Село жило, как и все села Заволжья. Засуха, суховеи, неурожаи, голод. В краеведческом музее нам дали статистическую справку: 1887 год – неурожай, не собрано ни одного колоска. 1888 год – вновь неурожай. 1890 год – суховей.
«После праздника Троицы началась жара, чем весь хлеб, по выражению крестьян, сварило, на все село остались только две лошади» – так записано со слов жителей села в «Истории Успенки», которая хранится в сельсовете.

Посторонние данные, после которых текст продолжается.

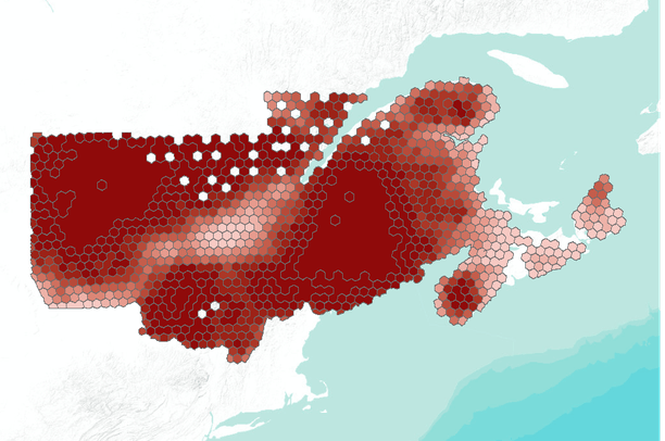 Title: Predicted Wolf Habitat in the Northern Appalachians: Current Habitat Effectiveness + Low US Mortality + Moderate Canadian Mortality Scenario Credits: Carlos Carroll,Klamath Center For Conservation Research Publication Date: 2003 Publisher: Carlos Carroll, Klamath Center For Conservation Research Other Citation Info: PDFs of the following publications are available from: http://www.klamathconservation.org/publications.html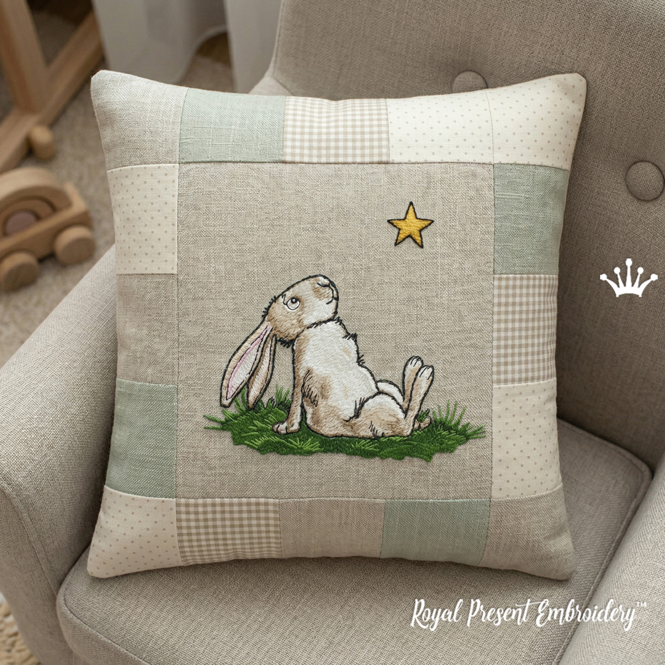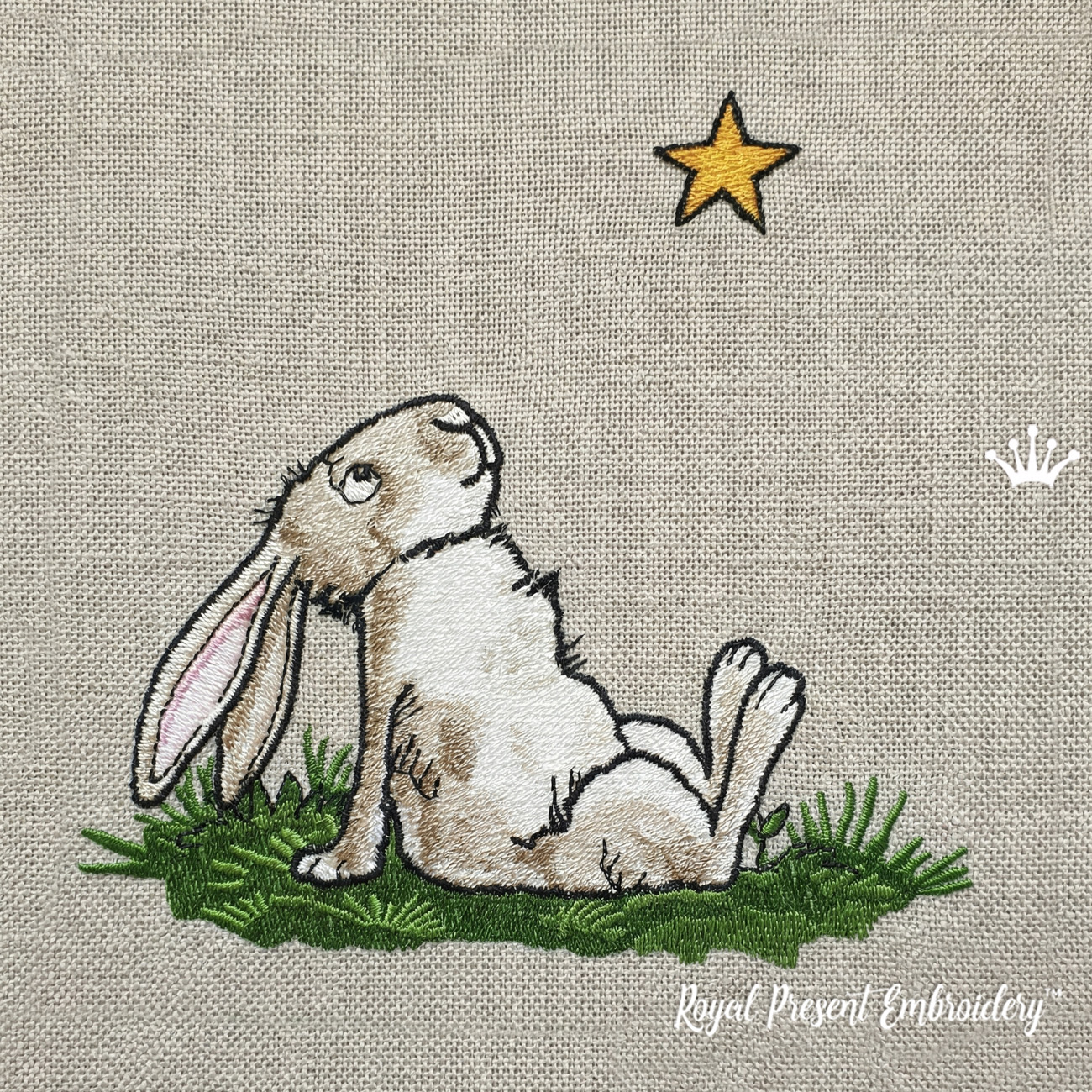 Apportez de la douceur et des histoires à vos projets avec cet adorable motif de broderie machine Dreaming Bunny Looking at a Star (Lapin rêveur regardant une étoile). Ce charmant lapin, paisiblement assis dans l'herbe et contemplant une petite étoile dorée, crée une scène magique et réconfortante, parfaite pour des créations douillettes et pleines de sens.

Но постепенно крестьянскими усилиями деревня оживала, укреплялась, росла. Вот данные, какой стала деревня перед Октябрьской революцией 1917 года: 318 дворов, в которых проживало 2014 человек. В личных хозяйствах имелось 905 лошадей, 725 голов крупного рогатого скота, 2123 овцы, 533 свиньи, две козы. Сеяли рожь – 500 десятин; ячменя – 100 десятин; посевы пшеницы не указаны. Урожайность: рожь – 50 пудов (8 ц); пшеница – 25 пудов (4 ц); ячмень – 40 пудов (6,4 ц). В селе крестьян-бедняков – 60%, а середняков и зажиточных – 40%.

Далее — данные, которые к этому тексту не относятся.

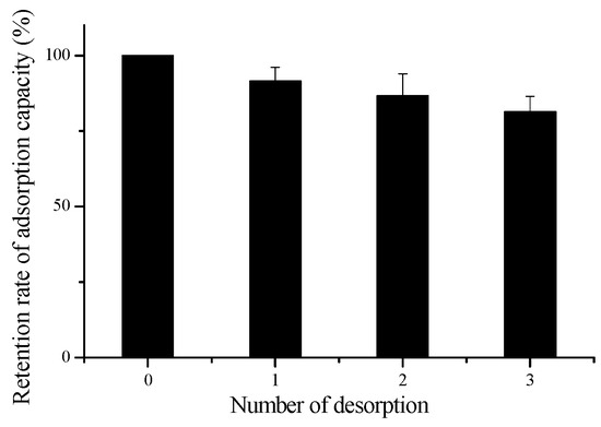 Figure 8 shows the results of the reusability of magnetic hemicellulosic microspheres in adsorbing copper ions. After undergoing three cycles of desorption and adsorption, it is found that the microspheres maintained 81.36% of their adsorption capacity for copper ions, demonstrating its good recycling potential [67], and previous studies using natural polymers-based hydrogels also indicated similar reuse percentages, 80% for lignin-g-PAAc/MMT hydrogel [68], and 85.3% for straw biopolymer-based hydrogel [69]. The magnetic hemicellulosic microspheres discussed in this research represent a novel type of polymer material with outstanding properties.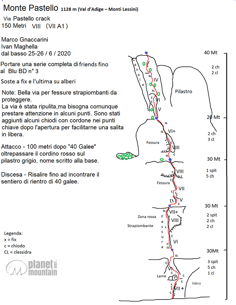 La via è stata (abbastanza) ripulita, e attrezzata completamente con chiodi, fix e cordini nelle clessidre, in modo che le ripetizioni consentano l’arrampicata in libera. Nei punti più difficili sono messi cordini (molto) lunghi che agevolano i moschettonaggi.

В деревне были церковь и церковно-приходская школа.
Что принесла Успенке Октябрьская революция 1917 года? Братоубийственную Гражданскую войну, которая унесла 32 человека. Под метелочку вымели запас ярового зерна за осень 1920 года и зиму 1921 года. В расчет не принимали, чем же мужики будут засеивать поля. Засуха в 21-м году была «сильнейшая». Николаевский уезд Самарской губернии, конечно и Успенка, вымирали.
Анастасия Ивановна Якунина рассказала нам: «Родилась в Успенке в 1917 году. Жизнь была трудная. В семье было шестнадцать детей. Никаких игрушек не было. Тятенька сделает из дерева одну игрушку на всех, вот и играем. Кровати были деревянные (самодельные), были печки в избе. Топили кизяком. Спали на матрасах, соломой набивали, а подушки – камышовым пухом, с чакана пух собирали. Надевать было нечего. Вот мать постирает платьишко вечером, за ночь высохнет, а утром снова его надевала. Варили в чугунах, ели деревянными ложками из глиняной посуды, пили из железных кружек».

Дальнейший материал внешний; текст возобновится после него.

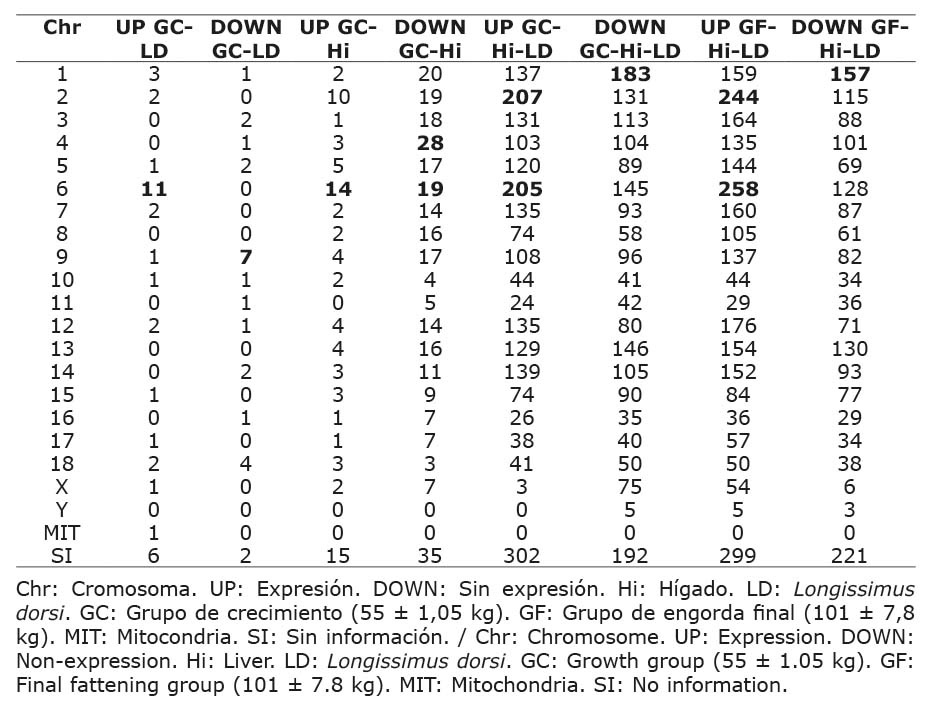 En el cromosoma 6, al comparar la expresión genética diferencial entre los tejidos hígado y L. dorsi, se observó que en ambos grupos (GC y GF) existió el mayor número de genes con expresión (205 y 258, respectivamente). En el cromosoma 2, ocurrió algo similar a lo descrito en el cromosoma 6. En cuanto al cromosoma 1, la mayor cantidad de genes con expresión genética diferencial baja se encontró en el tejido hígado, tanto en el GC como en el GF, con 183 y 157 genes, respectivamente (Cuadro 4).
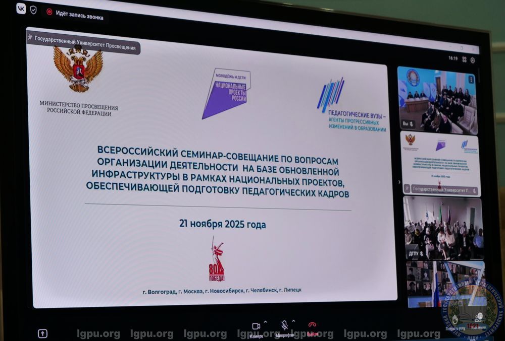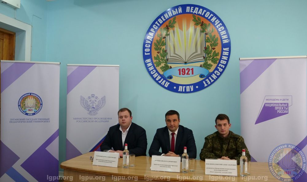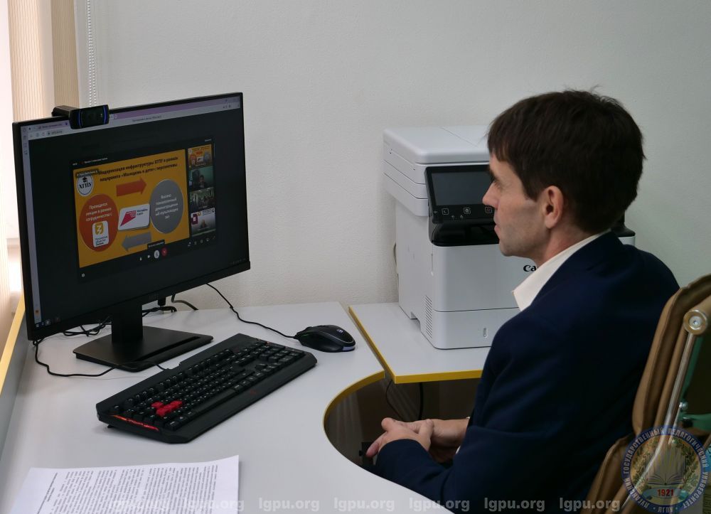 Луганский государственный педагогический университет 21 ноября принял дистанционное участие во Всероссийском семинаре-совещании по вопросам организации деятельности на базе обновленной инфраструктуры в рамках национальных проектов, обеспечивающей подготовку педагогических кадров.В мероприятии приняли участие: проректор по международной и проектной деятельности ЛГПУ Иван Дяченко, директор Центра духовно-нравственного воспитания молодежи вуза Кирилл Зажицкий, руководитель Центра военно-патриотического воспитания молодежи «Редут» имени Б.Е. Бельграя ЛГПУ Дмитрий Лебединец, а также студенты университета.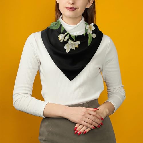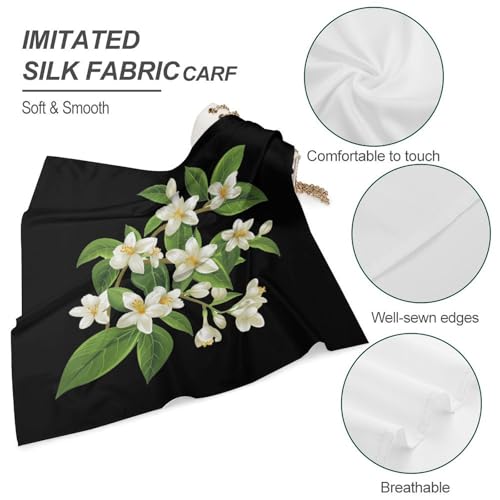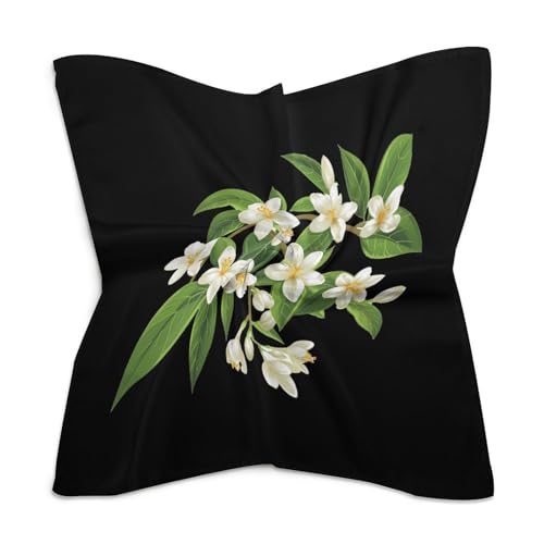 Jasmine Flowers Stem Womens Silk Scarf supple Bandana Head Scarf Hair Warp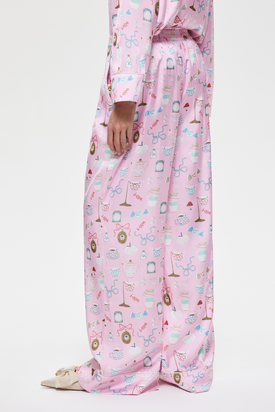 Элегантные пижамные брюки в нежном ярко-розовом оттенке с очаровательным принтом, посвященным сказочному миру Алисы в Стране чудес. Брюки перенесут вас в волшебную сказку и поднимут настроение, наполняя каждый день чувством магии. Изделие сделано из прочных и легких материалов. Идеальный выбор для тех, кто хочет почувствовать себя героиней сказки даже дома.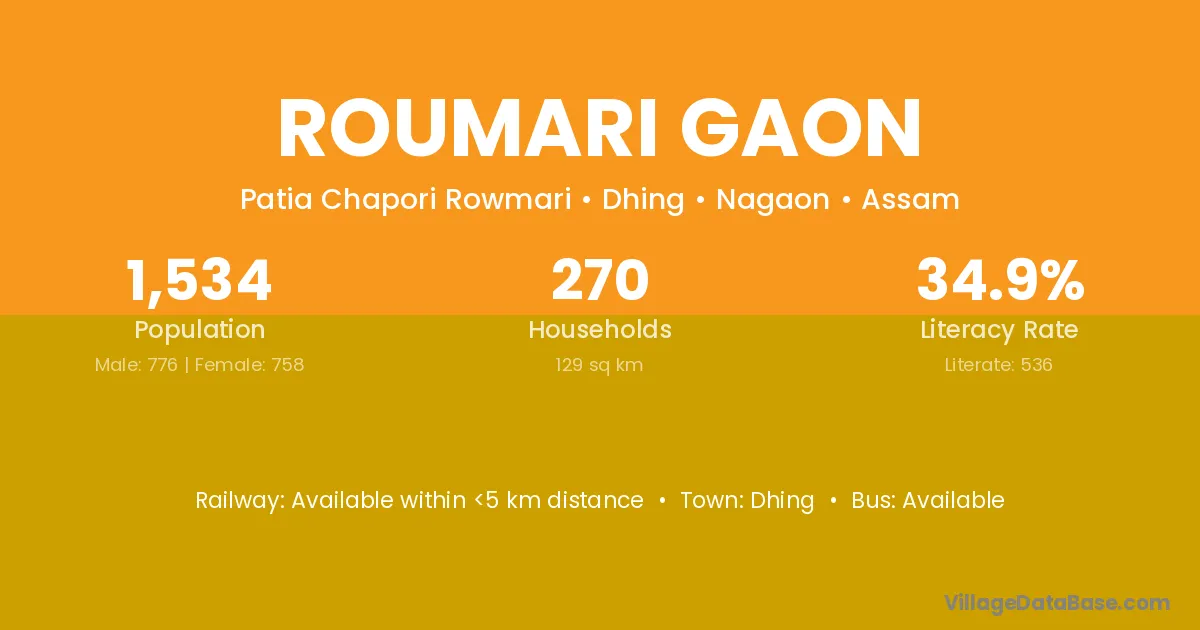 Dhing is the nearest town to Roumari Gaon village for major economic activities

Мы спросили Анастасию Ивановну, помнит ли голод 1921 года. «Во время голода умирало в селе много людей. Две сестренки мои умерли из-за голода, одной – четырнадцать лет, другой – шестнадцать. Было и людоедство. Голод, могилки копать сил не было. Копали в два штыка, и людоеды выкапывали, воровали трупы, варили и ели…»
«Помогали вам во время голода? Может быть, столовая была общественная?»
«Никто не помогал… А в 1937 году закрыли все церкви в Успенке и округе. Было раскулачивание церквей. Bcex попов увезли в Сибирь. Сначала в селе заставляли работать, кто с голоду помирали, давали всего лишь по 200 грамм хлеба на каждого… Семью попов выселили в другое село, детей бросали на снег, и они замерзали, умирали. Зимой делали клетушки из снега, покрывали сверху хворостом, рядом разжигали костер и спали в этих клетушках. У кого была перина, хорошо, у кого не было, замерзали от холода и голода. Младость мою помянуть нечем: голод, холод, война» (Анастасия Ивановна Якунина, 1917 г.р., с.Успенка).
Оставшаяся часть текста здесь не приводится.